Author : Andrew Bale

He stared at the body on the ground. He felt like he should be crying, laughing, raging at the universe, something other than just sitting there, but all he could do was sit there and stare. The belt pouch was new – he had never seen it before. Reaching over the corpse, he opened it, pulled out a cigar, a lighter, a flask of whiskey, a grenade. He already had a bad liver, bad lungs, had sworn off drinking and smoking years ago, but it hardly mattered now. He was a dead man, just waiting to die.

It had been a simple plan. His stolen time-belt gave him a big advantage in the stolen antiquities market, and the Mongol battlefield below would yield artifacts worth millions to the right collectors. He didn’t know how they saw him, or why they came after him, but he had had no choice but to fight – the belt had not cooled yet, jumping again would have killed him. Besides, he wasn’t really afraid. A millennium’s worth of technological advantage had overcome his substantial natural cowardice.

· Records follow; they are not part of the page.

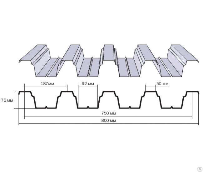 Профлист Н75 - применяется в качестве кровельных перекрытий, при армировании перекрытий, используется для опалубки, для жесткости металлических сооружений, в качестве настила, как конструкции щитовых ограждений, при возведении стен постройки и металлоконструкций.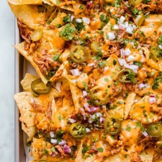 BBQ chicken nachos are my favorite pizza toppings turned into an easy sheet pan snack or meal! Crispy tortilla chips topped with bbq shredded chicken, cheddar cheese, onions, pickled jalapeños, and so much more!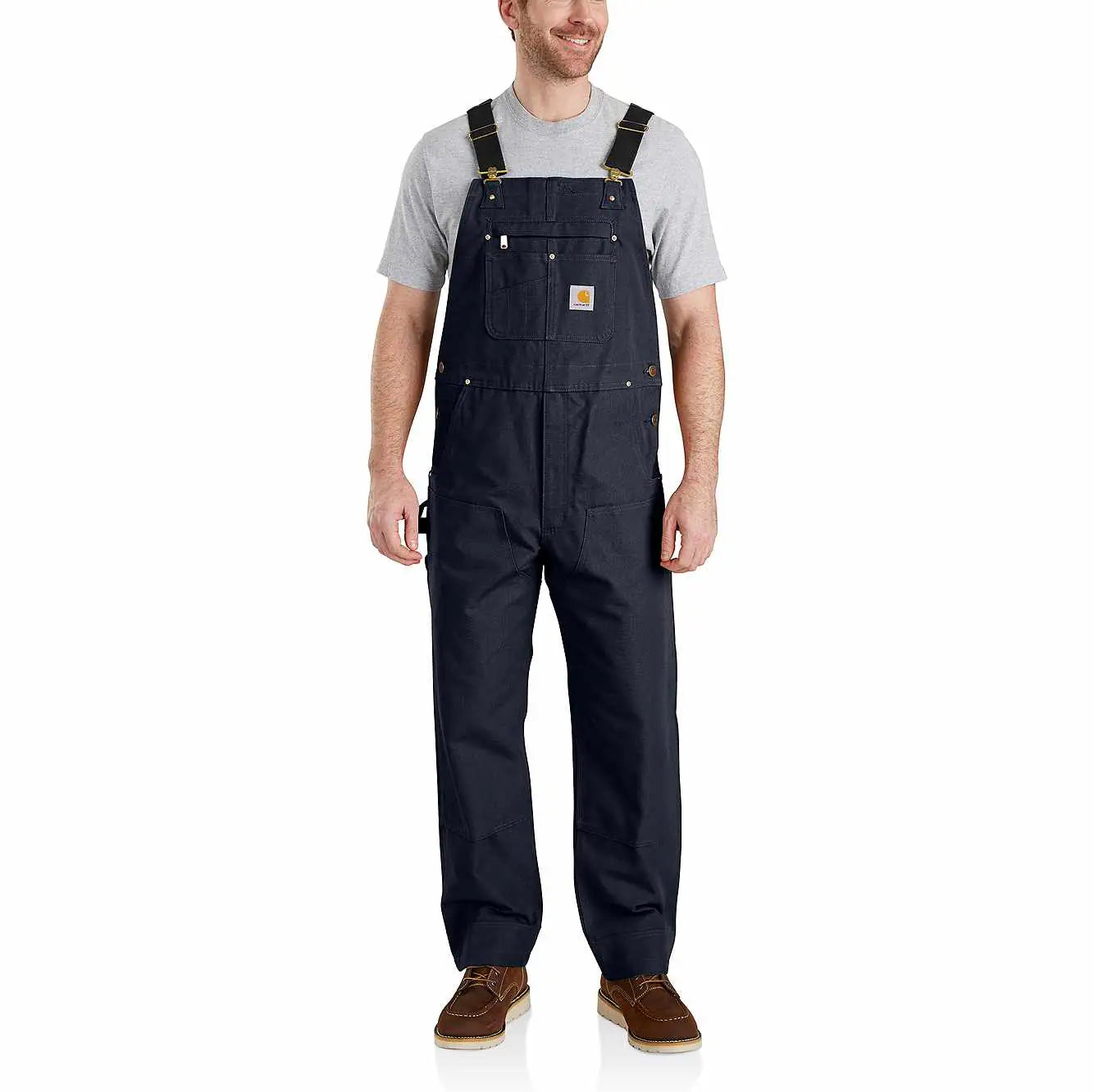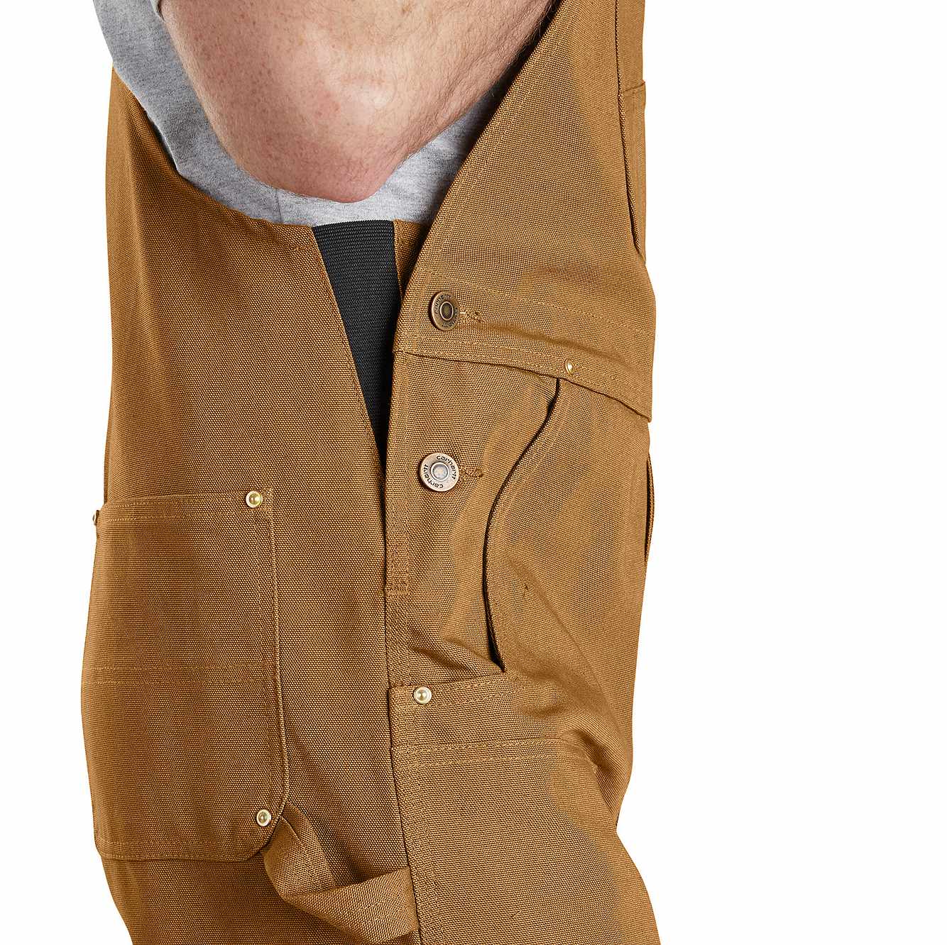 An update to our most popular unlined bib, the R01, these heavyweight men's bib overalls were designed using feedback from our Carhartt Crew. Every detail, from the front-to-back kick panel on the cuffs to the extra stretch around the waist, was informed by the hardworking people who wear our gear day-in and day-out. The heavyweight cotton duck material makes them dependable and durable. Elastic suspenders, a double layer at the knees, and ample pockets provide even more durability and functionality. Compatible with the Carhartt Knee Pad.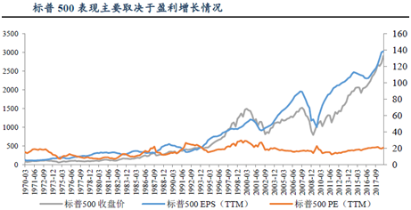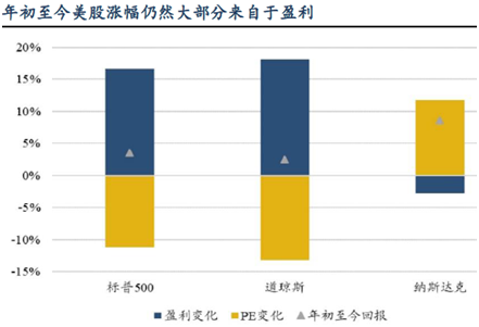 经过今年以来的两次大幅回调,加上盈利的持续提升,美股当前的整体绝对估值水平在20倍左右PE,回归相对合理区间。通过下图可以看出,除了纳斯达克,道琼斯和标普500的年初至今回报均来自盈利增长。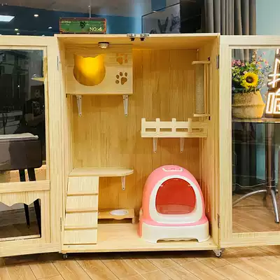 Cat villa solid wood luxury pet cage Cat house cat display cabinet Cat hotel cat house cat nest Cat hotel cat cage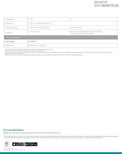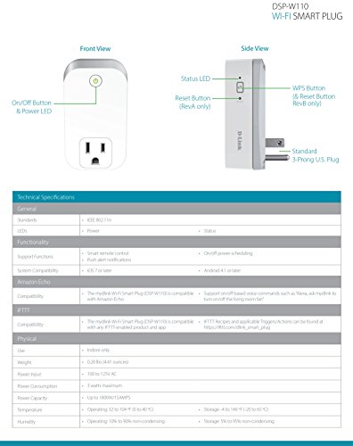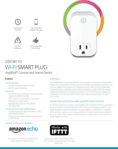 The mydlink Wi-Fi Smart Plug (DSP-W110) is a multi-purpose, compact, and easy-to-use device that allows you to turn your devices on/off. Using the mydlink app you can create on/off schedules for your home's electronic devices.

He had cut down a few with his beamer before he saw a figure appear behind them, just as in a dozen past skirmishes. Two guns made short work of twenty charging horsemen, and he had just started to swagger over to loot the bodies when he saw it at the edge of the impromptu battlefield. One body that was not that of a Mongol, but of a time traveler. His body.

The Time Patrol forbid it, but when you were out on your own, illegal already, why not? You get attacked, you have no backup, so you become your own. Survive the battle, then jump back in time later, prepared, and help yourself win! It had worked before, and it wasn’t any greater of a risk – no matter how his personal timeline looped, he could still only die once. Besides, the big risk was the initial contact, any later incarnation that had come in to help would know exactly what was happening. He was a little unsure about the continuity of causality, but he was no theorist and it worked!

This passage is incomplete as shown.